In the 18th century, Cornish miners would have produced half the world’s tin supply. The work would have been long and gruelling but better paid than any other work they could have gotten at the time. It is said that 19 out of 20 of Cornwall’s men under 25 would have worked in a mine during the peak of the mining boom. After their shift at the mine (or clay pit) ended, the men would have gone to do a second shift as farm labourers.
12 Fun Facts About the Cornish Pasty
These are favourite fun Cornish pasty facts.
- The oldest pasty recipe we have is from 1746. It is kept at the Country Records Office in Truro. The pasty though is a much older type of making food. In the Middle Ages, pasties (and meat pies) were the food of the aristocracy.
- There are 120 million Cornish pasties made every year.
- Since 2011, according to European Union regulations, a genuine Cornish pasty needs to have a minimum of 12.5% meat and 25% vegetables. Moreover, the pasty needs to be made in Cornwall.
- Using carrots in a Cornish pasty is considered heresy. The only sweetness allowed is from the swede! I thought this was a strange pasty fact! What do people have against carrots??
- Facts about Cornish pasties also verge into myth and legend. For example, a pasty may be an easy portable meal but don’t take a pasty on board a ship. It’s considered bad luck! This myth was probably started by the miners who didn’t want the fisherman to take their pasties.
- Some say the traditional Cornish pasty crust should be tough enough to drop down a deep mine shaft and not fall apart. Can you imagine how tough your teeth have to be to chew that?!
- The ‘oggie oggie oggie’ chant heard at rugby games came from the Cornish pasty. According to legend, pasty sellers would yell Oggie, Oggie Oggie at the top of the mine shaft and the miners would yell Oi Oi Oi back to signal they wanted a Cornish pasty thrown down at them.
- Oggie comes from the Cornish word ‘hoggans’ which were an early pasty filled with pork encased in barley bread.
- You can get a ‘rounder’ which is a round pastry filled with the same ingredients but bigger (and round!). You get rounders served for Sunday lunch or on special occasions in Cornwall.
- The largest Cornish pasty ever made was 32 feet long!

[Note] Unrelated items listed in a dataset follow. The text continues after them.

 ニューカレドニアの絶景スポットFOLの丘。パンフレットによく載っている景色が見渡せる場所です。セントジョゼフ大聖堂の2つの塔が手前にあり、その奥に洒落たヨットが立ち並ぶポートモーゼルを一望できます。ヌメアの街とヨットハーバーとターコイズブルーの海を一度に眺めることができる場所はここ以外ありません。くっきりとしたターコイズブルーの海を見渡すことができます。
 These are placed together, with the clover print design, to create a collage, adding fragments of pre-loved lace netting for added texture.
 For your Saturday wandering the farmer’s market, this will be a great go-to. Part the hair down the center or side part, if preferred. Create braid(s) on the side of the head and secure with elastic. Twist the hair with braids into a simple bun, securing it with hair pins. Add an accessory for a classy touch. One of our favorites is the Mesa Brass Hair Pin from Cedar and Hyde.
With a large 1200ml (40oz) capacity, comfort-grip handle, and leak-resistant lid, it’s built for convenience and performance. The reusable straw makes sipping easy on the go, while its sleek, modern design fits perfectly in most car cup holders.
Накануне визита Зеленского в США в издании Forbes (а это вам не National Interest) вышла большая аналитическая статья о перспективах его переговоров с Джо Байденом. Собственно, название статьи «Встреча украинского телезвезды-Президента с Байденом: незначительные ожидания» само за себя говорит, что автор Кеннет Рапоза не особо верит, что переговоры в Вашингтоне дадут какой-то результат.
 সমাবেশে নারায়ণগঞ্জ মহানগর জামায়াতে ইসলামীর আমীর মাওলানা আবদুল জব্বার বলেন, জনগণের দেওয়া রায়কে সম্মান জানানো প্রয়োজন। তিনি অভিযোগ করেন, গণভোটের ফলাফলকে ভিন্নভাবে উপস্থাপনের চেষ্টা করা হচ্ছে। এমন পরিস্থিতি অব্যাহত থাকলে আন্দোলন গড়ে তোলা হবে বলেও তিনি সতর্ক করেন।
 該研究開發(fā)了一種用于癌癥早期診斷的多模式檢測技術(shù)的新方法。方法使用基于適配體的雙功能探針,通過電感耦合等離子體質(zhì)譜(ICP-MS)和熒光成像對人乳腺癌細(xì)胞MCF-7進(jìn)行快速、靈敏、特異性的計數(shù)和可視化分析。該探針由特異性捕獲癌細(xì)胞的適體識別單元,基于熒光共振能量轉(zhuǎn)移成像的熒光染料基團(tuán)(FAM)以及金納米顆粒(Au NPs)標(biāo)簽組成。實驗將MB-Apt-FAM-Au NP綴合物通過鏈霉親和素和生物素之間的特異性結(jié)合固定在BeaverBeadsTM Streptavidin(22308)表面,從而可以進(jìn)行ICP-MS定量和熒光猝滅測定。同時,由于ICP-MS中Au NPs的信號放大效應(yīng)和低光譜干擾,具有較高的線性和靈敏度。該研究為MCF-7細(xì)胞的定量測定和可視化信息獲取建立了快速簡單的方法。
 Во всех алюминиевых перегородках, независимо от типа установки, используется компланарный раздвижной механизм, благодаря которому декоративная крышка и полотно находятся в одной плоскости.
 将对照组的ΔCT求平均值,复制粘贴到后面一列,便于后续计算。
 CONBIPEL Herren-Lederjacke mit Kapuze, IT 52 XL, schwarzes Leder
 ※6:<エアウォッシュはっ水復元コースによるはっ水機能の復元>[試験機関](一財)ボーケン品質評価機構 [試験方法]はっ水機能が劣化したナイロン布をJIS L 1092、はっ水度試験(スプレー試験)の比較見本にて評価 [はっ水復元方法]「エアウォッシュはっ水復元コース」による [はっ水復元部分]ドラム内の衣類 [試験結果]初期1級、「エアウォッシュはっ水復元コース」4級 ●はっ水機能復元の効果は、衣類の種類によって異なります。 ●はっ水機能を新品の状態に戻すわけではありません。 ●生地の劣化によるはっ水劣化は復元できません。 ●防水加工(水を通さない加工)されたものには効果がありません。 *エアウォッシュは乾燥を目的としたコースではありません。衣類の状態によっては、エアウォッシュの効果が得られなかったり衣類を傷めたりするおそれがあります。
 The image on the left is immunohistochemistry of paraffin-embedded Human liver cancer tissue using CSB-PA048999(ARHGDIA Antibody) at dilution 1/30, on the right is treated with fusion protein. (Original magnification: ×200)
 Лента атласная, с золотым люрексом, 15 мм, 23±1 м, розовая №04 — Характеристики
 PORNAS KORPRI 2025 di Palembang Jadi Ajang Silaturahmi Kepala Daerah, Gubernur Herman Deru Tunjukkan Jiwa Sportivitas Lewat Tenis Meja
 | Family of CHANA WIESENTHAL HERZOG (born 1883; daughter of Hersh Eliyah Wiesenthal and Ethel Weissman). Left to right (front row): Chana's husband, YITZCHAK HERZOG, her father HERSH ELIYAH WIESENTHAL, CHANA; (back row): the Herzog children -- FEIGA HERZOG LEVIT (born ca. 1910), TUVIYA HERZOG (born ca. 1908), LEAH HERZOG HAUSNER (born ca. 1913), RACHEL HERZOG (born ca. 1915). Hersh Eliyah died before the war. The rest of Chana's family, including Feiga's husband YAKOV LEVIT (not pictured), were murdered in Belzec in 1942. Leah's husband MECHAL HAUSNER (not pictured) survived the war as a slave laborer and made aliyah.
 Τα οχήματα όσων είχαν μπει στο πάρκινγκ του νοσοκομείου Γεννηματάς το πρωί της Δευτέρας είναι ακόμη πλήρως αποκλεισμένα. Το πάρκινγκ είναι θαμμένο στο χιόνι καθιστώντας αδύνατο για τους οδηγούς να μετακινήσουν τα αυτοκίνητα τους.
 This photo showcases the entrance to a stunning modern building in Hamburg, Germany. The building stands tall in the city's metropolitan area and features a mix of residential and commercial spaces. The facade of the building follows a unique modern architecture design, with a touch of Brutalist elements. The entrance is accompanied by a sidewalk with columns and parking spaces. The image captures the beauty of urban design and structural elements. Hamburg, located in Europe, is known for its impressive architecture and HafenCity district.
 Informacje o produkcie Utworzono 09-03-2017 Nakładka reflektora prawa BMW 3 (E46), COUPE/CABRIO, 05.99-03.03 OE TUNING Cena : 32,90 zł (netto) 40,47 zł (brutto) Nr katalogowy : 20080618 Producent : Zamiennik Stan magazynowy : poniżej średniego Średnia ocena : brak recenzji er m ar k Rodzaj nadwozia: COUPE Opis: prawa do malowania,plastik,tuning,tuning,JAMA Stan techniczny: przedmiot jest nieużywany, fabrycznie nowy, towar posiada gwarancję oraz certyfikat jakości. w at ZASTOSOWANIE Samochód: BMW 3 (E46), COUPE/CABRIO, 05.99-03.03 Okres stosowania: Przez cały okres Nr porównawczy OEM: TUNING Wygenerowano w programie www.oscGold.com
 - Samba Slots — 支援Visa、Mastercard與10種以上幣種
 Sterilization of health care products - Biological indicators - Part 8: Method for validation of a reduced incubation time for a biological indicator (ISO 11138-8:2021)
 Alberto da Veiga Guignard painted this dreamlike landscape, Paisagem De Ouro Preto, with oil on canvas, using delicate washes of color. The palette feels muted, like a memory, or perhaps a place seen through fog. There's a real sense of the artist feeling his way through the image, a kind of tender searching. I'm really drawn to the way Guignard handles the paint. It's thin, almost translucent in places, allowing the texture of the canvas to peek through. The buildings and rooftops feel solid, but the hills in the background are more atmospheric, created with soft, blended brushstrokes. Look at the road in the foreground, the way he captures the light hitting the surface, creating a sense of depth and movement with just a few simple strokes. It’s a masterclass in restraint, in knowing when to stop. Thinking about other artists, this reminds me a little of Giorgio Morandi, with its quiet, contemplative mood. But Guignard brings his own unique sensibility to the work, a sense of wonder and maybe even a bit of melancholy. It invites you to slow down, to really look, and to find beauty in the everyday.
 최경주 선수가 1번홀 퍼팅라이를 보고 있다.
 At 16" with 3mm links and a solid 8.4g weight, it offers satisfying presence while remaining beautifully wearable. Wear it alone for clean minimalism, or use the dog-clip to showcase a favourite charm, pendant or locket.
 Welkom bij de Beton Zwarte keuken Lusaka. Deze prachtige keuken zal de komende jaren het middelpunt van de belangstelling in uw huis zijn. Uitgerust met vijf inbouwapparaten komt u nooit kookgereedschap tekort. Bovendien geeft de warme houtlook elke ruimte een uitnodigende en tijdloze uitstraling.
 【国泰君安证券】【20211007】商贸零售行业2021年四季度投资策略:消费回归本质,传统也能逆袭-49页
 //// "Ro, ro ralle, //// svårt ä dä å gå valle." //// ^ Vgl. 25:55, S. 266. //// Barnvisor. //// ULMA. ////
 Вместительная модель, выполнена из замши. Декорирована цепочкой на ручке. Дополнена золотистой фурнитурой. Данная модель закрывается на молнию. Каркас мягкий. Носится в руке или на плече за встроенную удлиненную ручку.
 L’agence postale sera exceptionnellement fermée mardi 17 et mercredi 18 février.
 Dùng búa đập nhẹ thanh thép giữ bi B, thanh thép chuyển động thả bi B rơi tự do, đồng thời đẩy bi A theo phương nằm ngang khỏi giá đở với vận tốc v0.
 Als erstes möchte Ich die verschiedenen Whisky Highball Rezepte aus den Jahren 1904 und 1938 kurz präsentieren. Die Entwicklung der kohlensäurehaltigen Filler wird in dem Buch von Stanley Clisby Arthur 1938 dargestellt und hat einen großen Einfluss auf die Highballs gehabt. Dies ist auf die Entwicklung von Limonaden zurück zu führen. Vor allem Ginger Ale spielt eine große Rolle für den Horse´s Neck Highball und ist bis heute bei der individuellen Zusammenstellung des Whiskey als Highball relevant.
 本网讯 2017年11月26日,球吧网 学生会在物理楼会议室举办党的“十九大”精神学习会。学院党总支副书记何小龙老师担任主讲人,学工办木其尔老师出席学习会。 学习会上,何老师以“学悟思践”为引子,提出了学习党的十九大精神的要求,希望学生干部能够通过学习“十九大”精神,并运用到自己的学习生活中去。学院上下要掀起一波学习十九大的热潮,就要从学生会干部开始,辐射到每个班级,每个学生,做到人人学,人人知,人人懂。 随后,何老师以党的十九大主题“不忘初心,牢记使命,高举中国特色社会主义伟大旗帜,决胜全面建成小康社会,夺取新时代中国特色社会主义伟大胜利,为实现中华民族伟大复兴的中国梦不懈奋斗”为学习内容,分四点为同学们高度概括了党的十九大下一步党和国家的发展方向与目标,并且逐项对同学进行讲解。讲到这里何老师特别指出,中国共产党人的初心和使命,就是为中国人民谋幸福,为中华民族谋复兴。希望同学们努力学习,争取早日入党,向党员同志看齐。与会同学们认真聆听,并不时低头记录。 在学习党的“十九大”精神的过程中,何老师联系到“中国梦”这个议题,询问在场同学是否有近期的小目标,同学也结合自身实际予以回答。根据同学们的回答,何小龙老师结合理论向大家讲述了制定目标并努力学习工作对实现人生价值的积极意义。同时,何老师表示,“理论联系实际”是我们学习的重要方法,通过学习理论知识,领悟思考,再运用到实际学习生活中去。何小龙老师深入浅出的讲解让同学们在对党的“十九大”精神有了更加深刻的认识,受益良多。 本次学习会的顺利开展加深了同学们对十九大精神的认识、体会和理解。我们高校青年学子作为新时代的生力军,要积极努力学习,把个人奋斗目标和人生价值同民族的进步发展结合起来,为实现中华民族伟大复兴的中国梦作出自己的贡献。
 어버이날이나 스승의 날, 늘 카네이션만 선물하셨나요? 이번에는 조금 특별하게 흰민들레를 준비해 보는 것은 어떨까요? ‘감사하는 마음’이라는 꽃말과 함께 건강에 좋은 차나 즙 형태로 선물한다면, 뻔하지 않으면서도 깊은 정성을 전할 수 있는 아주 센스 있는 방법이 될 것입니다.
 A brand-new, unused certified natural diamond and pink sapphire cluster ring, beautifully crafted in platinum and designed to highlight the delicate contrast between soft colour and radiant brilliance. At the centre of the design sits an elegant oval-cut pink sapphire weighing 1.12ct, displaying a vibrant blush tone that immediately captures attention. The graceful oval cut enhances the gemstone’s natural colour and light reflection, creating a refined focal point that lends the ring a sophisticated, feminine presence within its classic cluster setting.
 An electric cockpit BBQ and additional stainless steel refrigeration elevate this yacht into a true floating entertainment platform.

- Sometimes the Cornish miner’s wife would put his initials on his pasty so he could tell his pasty apart from that of a co-worker. Moreover, the miner may have left a bit of pasty for the magical sprites who lived in the mines who could be placated with bits of food. If he lefts some of the pasty with his initial on it, the sprites would know who not to trouble.
- The Cornish pasty emigrated worldwide along with Cornish immigrants. For example, pasties are popular in Michigan because they have made it to the mines in Michigan’s Upper Peninsula in the 1840’s. Thanks to EU regs though these pasties can not be called Cornish pasties because they are not made in Cornwall. I wonder if Brexit will affect the terminology – deregulation of the Cornish pasty could be coming soon.
Where To Buy Cornish Pasties
As I said, every little village in Cornwall seems to have home made (and delicious) Cornish pasties. I was really surprised because the one I had previously tried in London was nothing special.
There is a World Pasty Championship held every year at the Eden Project in Cornwall. Just when I thought Rick Stein had taken over all of Padstow, I found out that the Chough Bakery in Padstow is the current reigning champion. Within the United Kingdom, you can mail order their Cornish pasties to your home.